For almost 25 years, Dr John Barkham, an ecologist at the School of Environmental Sciences at the University of East Anglia, has studied wild daffodils and their responses to changing environments. His research is producing insights into how best to manage ancient woodlands - those more than 400 years old - where the daffodil, Narcissus pseudonarcissus, is a native species.

Wordsworth, wandering lonely as a cloud, may have considered nature responsible for the 'host of golden daffodils . . . fluttering and dancing in the breeze', but Dr Barkham has demonstrated that human intervention is the key to a flourishing population of the woodland variety.
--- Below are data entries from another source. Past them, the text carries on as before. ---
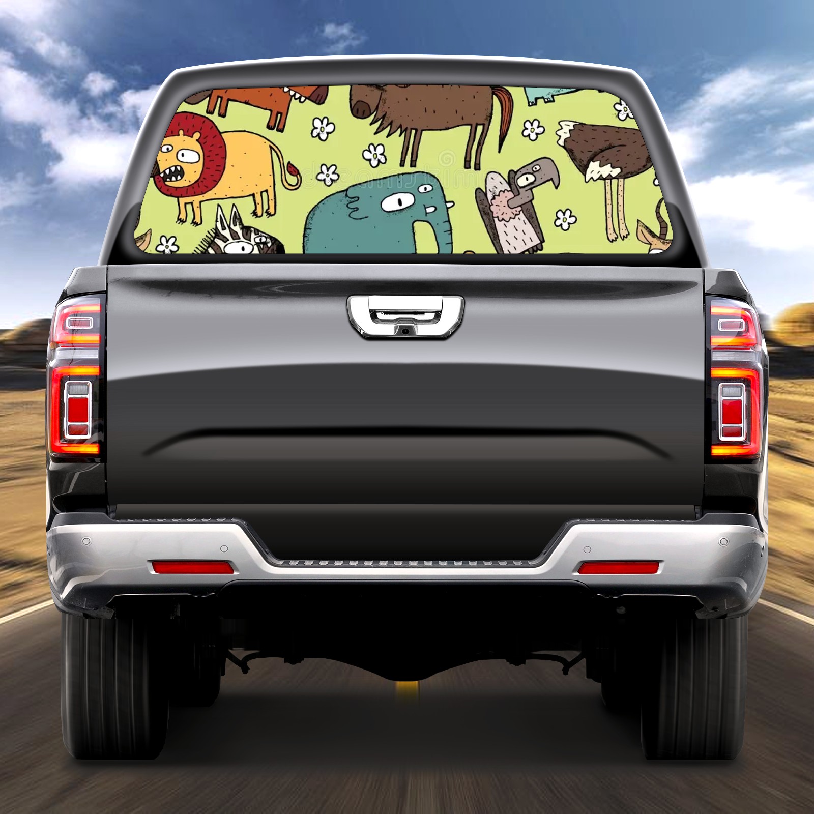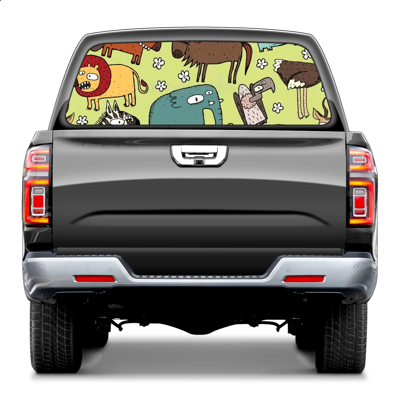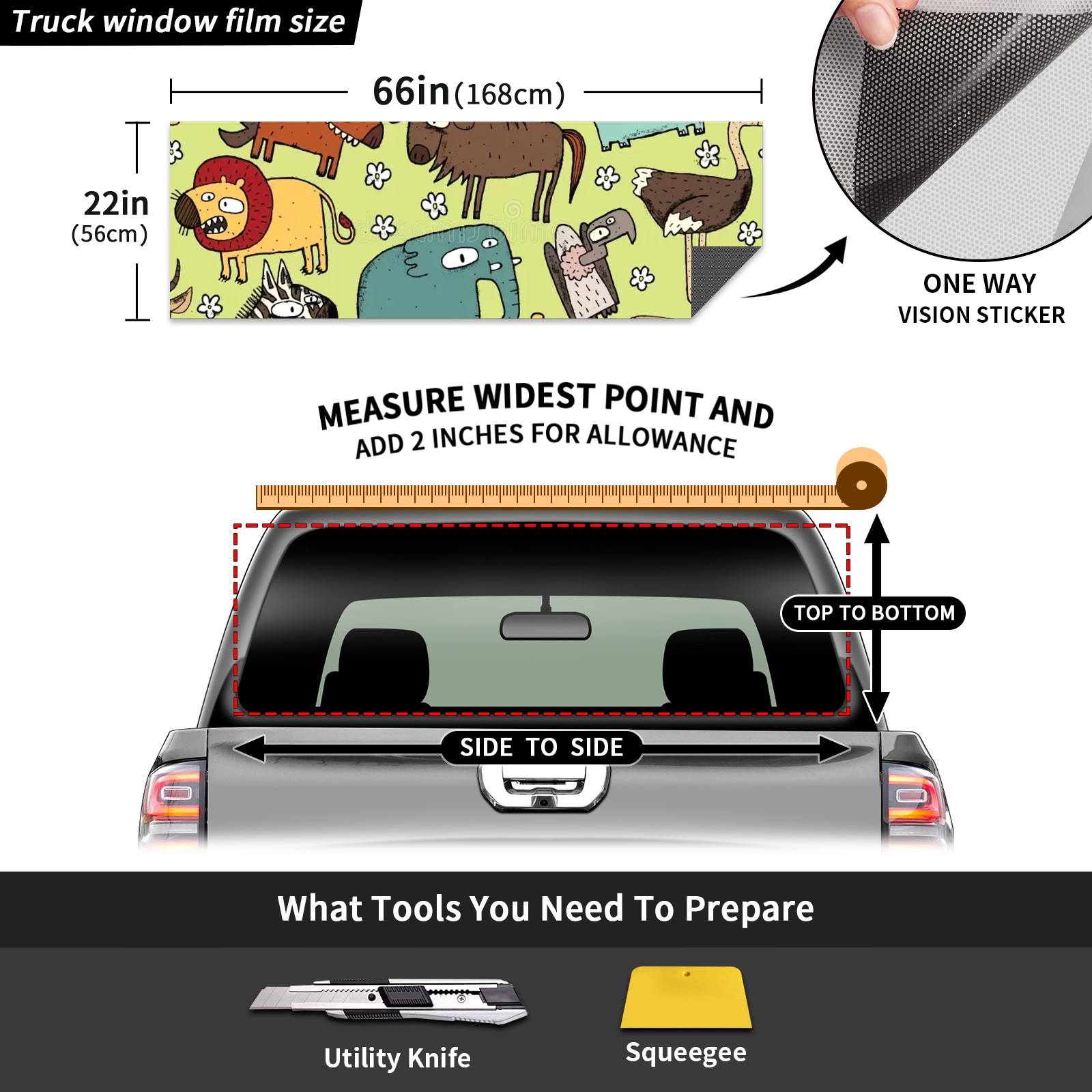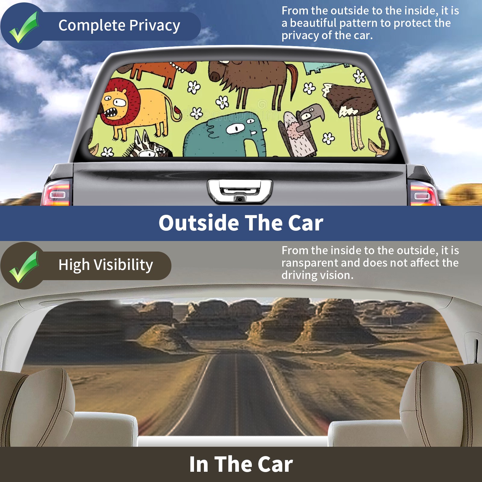 Truck Rear Window Graphics Decals Pickup Trucks Back Window Sticker Full Window Film Decal One Way Visual Waterproof Car Rear Tint Animal Print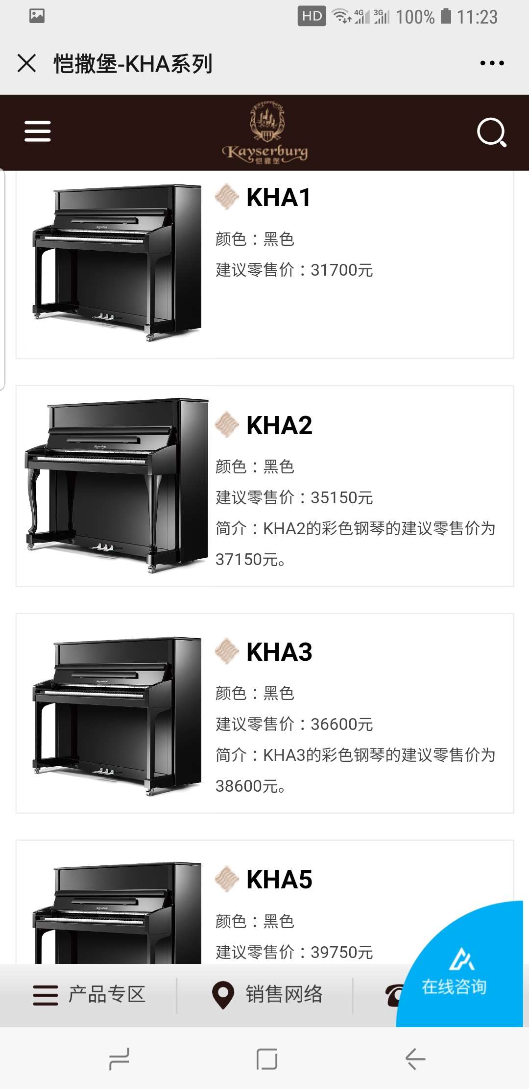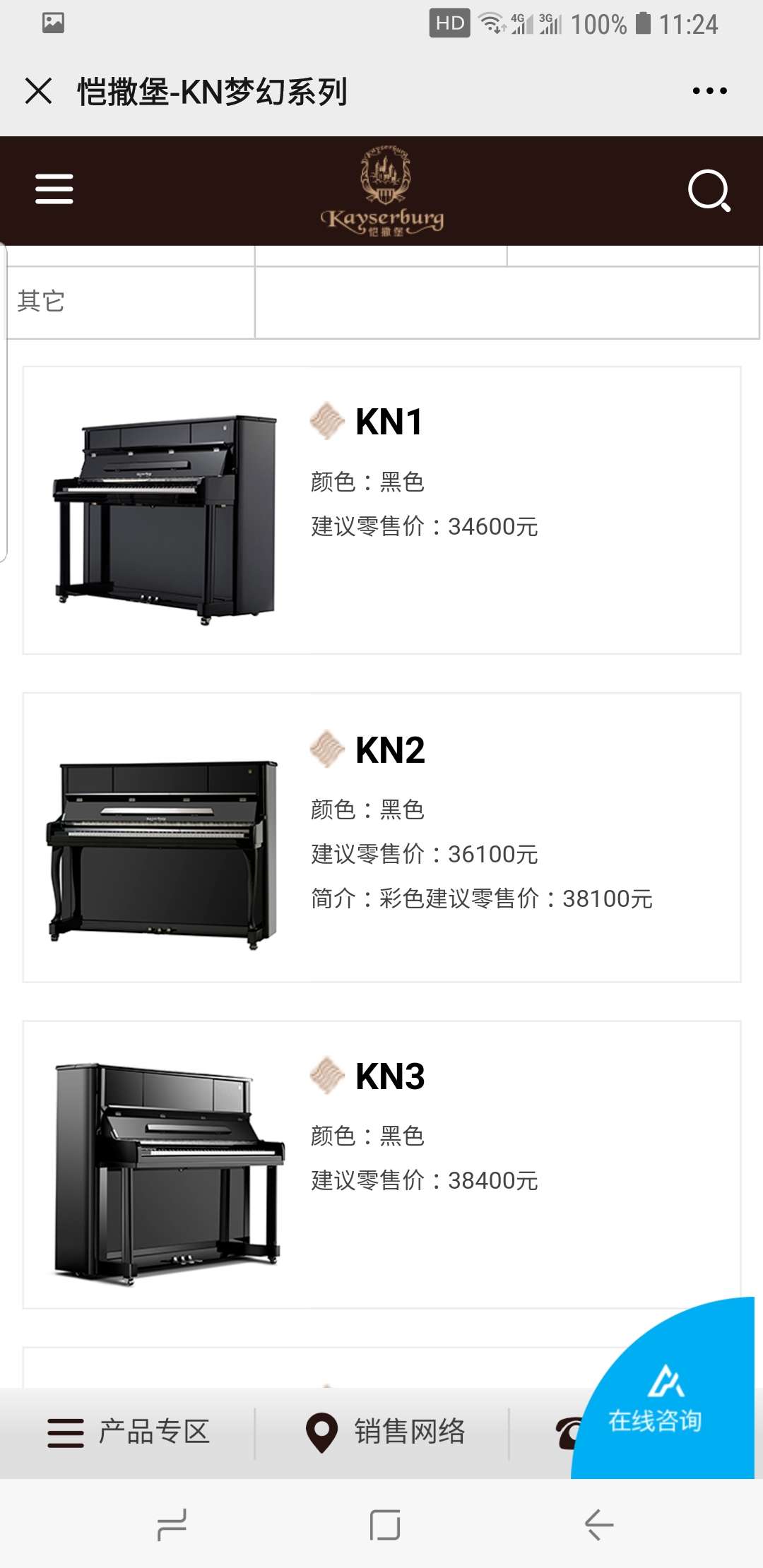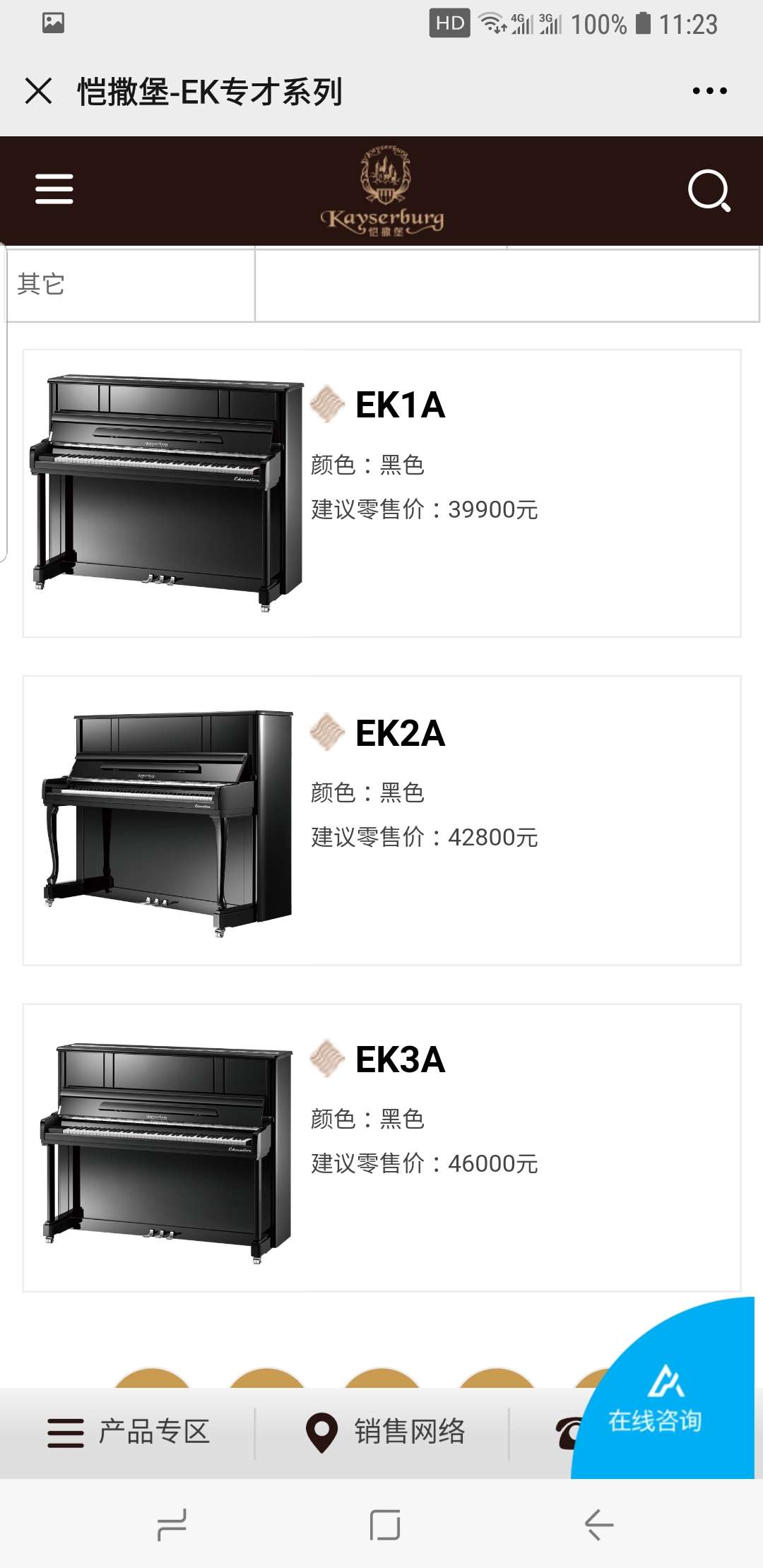 另有专业恺撒堡钢琴7台参加样品处理活动,型号有KHA1 KHA2 KHA3 专才系列 EK2A EK3A 梦幻 KN1S 白色新款KX1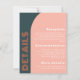 A modern wedding detail enclosure card bursting with pop of colour teal blue green, orange and peach of arch shapes. Designed with colourful abstract arch elements and bold fonts giving a funky groovy boho retro vibe perfect for spring, summer or fall wedding. The colour of the arch shapes can also be customised.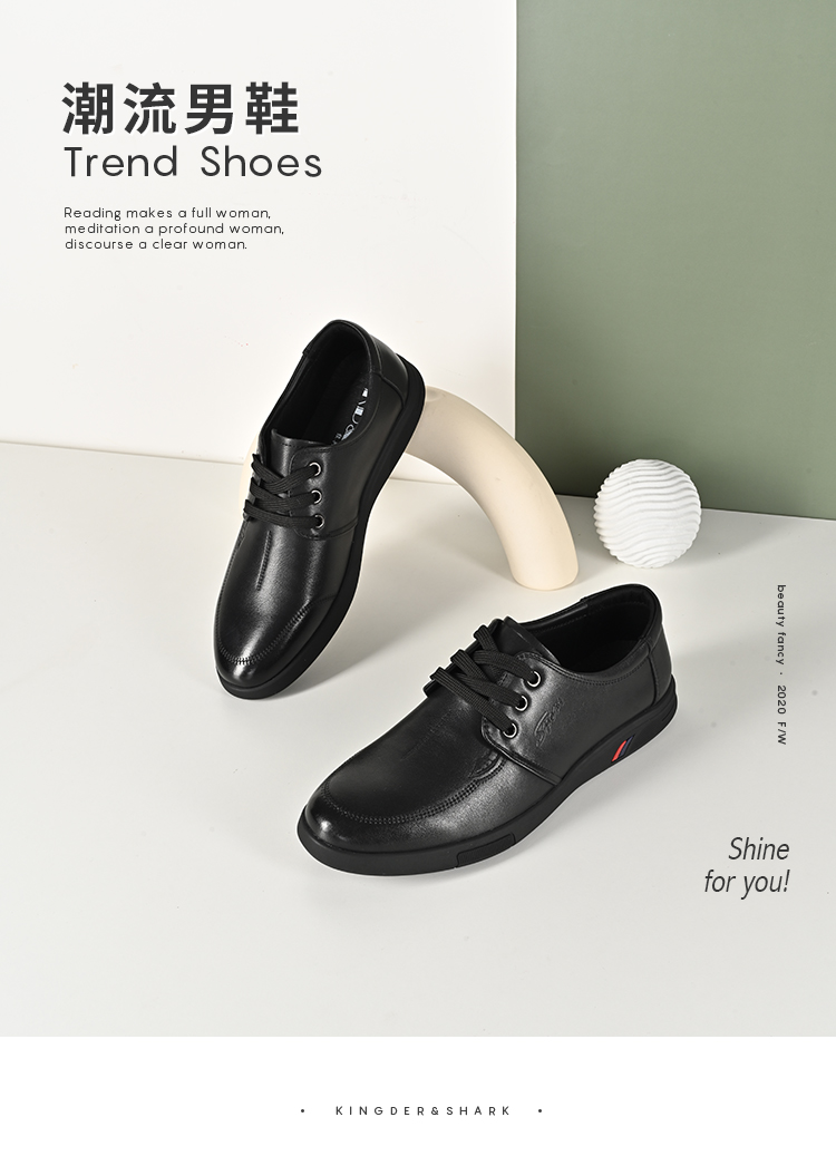 2024年经典鲨夏季新款正装平底舒适系带商务男士休闲皮鞋KC68-D14011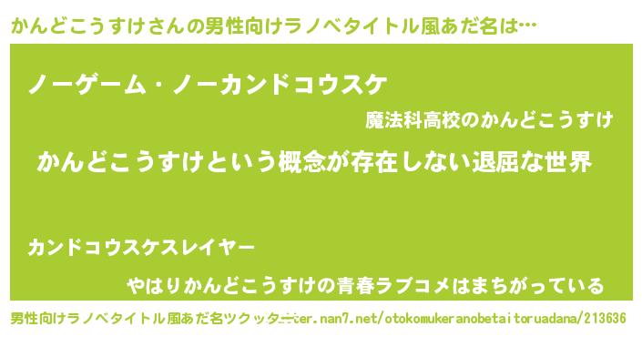 | 女子向けラノベタイトル風あだ名 | 『異世界で失敗しない100のかんどこうすけ』 |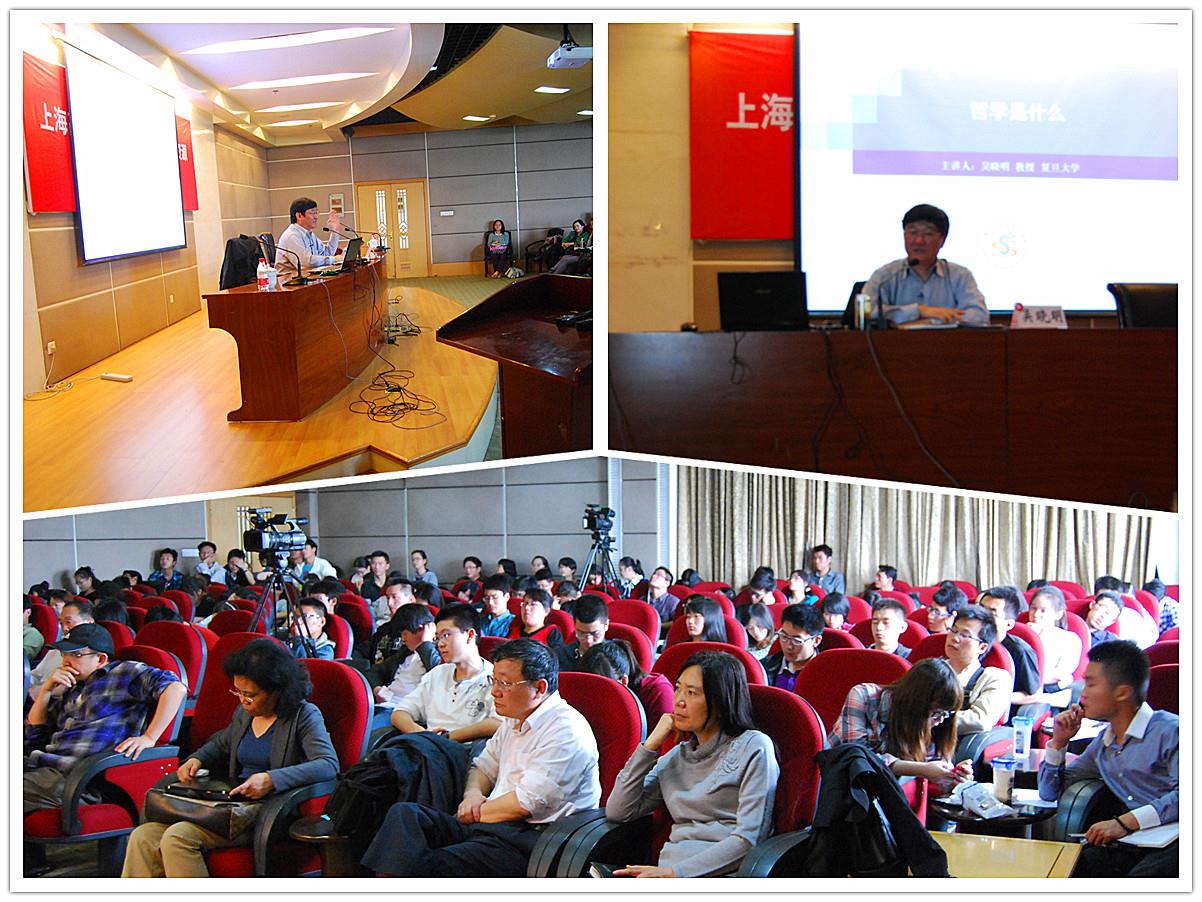 讲座伊始,吴晓明教授澄清了对哲学的两种普遍的偏见:哲学与时代无关,哲学与多数人无关。然后,吴教授从三个侧面,阐述了他对哲学的深刻理解:一是作为一般智慧或思想的哲学,吴晓明教授认为,哲学是一个民族生活的基本形式,并且从一定程度上决定了民族的命运;二是作为形而上学的哲学,吴教授阐述了西方哲学传统中“两个世界”的理念,并对西方哲学与中国哲学进行了比较;三是作为批判方法的哲学,吴教授指出,哲学批判的要旨不是否定某一理论,而是 “澄清前提,划定界限”。在整个报告中,吴晓明教授旁征博引,对于黑格尔、韦伯、马克思等伟大思想家的观点信手拈来,并运用了不少历史上的及现实生活中的例子,生动而又幽默,深入浅出、引人入胜。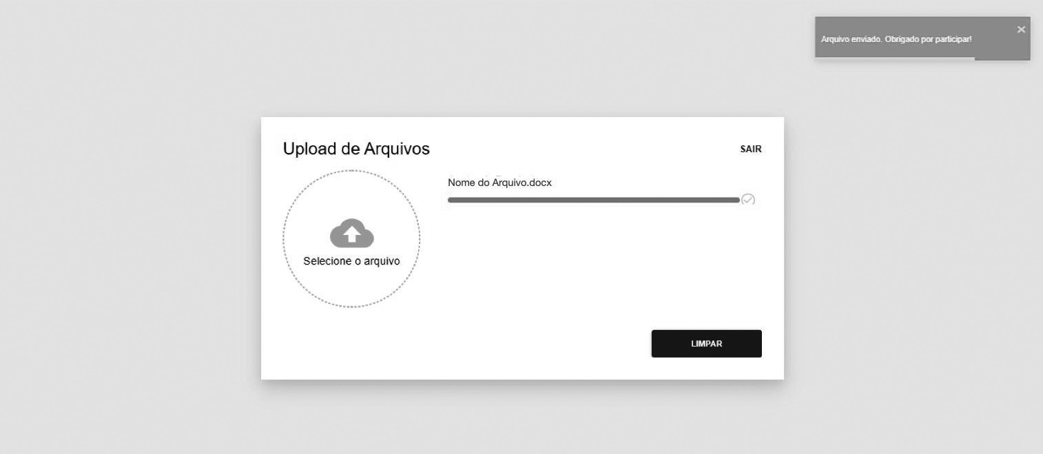 Na plataforma, havia duas interfaces: a referente à fase linha de base; e a referente à fase experimental. Na primeira, havia apenas a possibilidade de envio do arquivo, sem nenhum tipo de feedback (Figura 1). Após ele realizar a postagem, a plataforma exibia a seguinte mensagem de confirmação: “Arquivo enviado. Obrigado por participar!”.
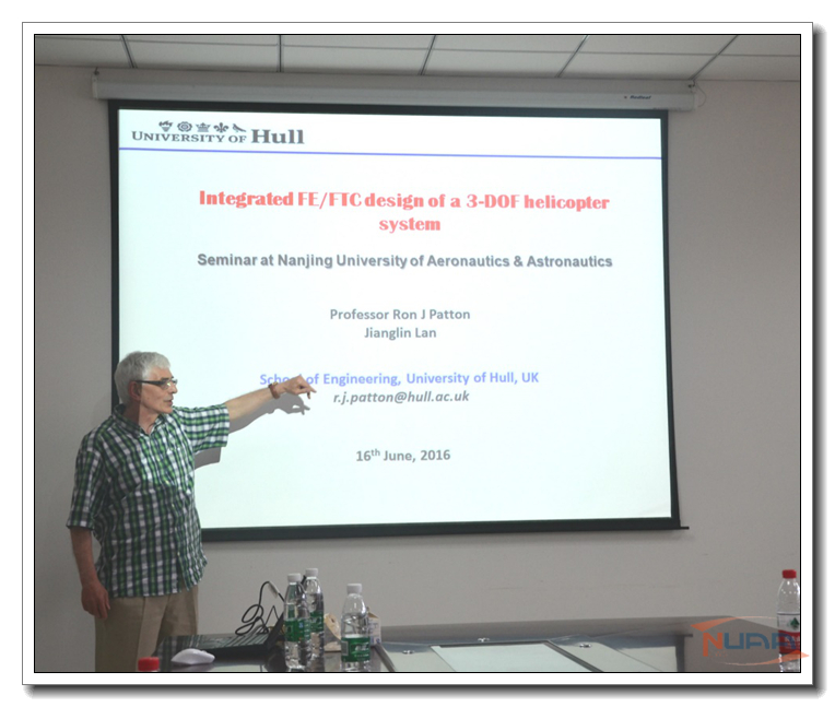 6月16日下午,IEEE Fellow,英国赫尔大学Ron J Patton教授应邀在将军路校区自动化学院4楼会议室做题为“Integrated FE/FTC design of a 3-DOF helicopter system”的学术报告。会议由自动化学院院长姜斌教授主持,自动化学院部分师生参加了报告会。

And the key is the traditional practice of coppicing.

For hundreds of years, Britain's woodlands were an important economic resource, providing fuel and building materials. About once every decade, trees were coppiced - cut to stump level - to encourage new growth. Coppice management was largely abandoned last century, when cheap alternative materials, such as coal, became available.

'What happens immediately a wood has been coppiced is that the canopy is cleared and ground flora is suddenly exposed to high light and direct rainfall,' Dr Barkham says. 'There is a rapid degradation of litter on the ground to increase the availability of nutrients. The following year you get masses of flowers.'

This exposure to light enables daffodils to grow from seed, rather than from the parent bulb, thus encouraging the plants to spread. In Brigsteer Wood, Cumbria, Dr Barkham noticed that daffodils growing in the shade did not spread in a uniform carpet. When he planted seeds in the resulting gaps the plants failed to establish themselves; but bulbs, which have stronger shoots, did grow.

However, propagation solely through bulbs - called 'clonal' growth - cannot spread a population; the new growth occurs in clumps around the parent plant. But seeds can be dispersed on the air to establish new plants some distance from the parent.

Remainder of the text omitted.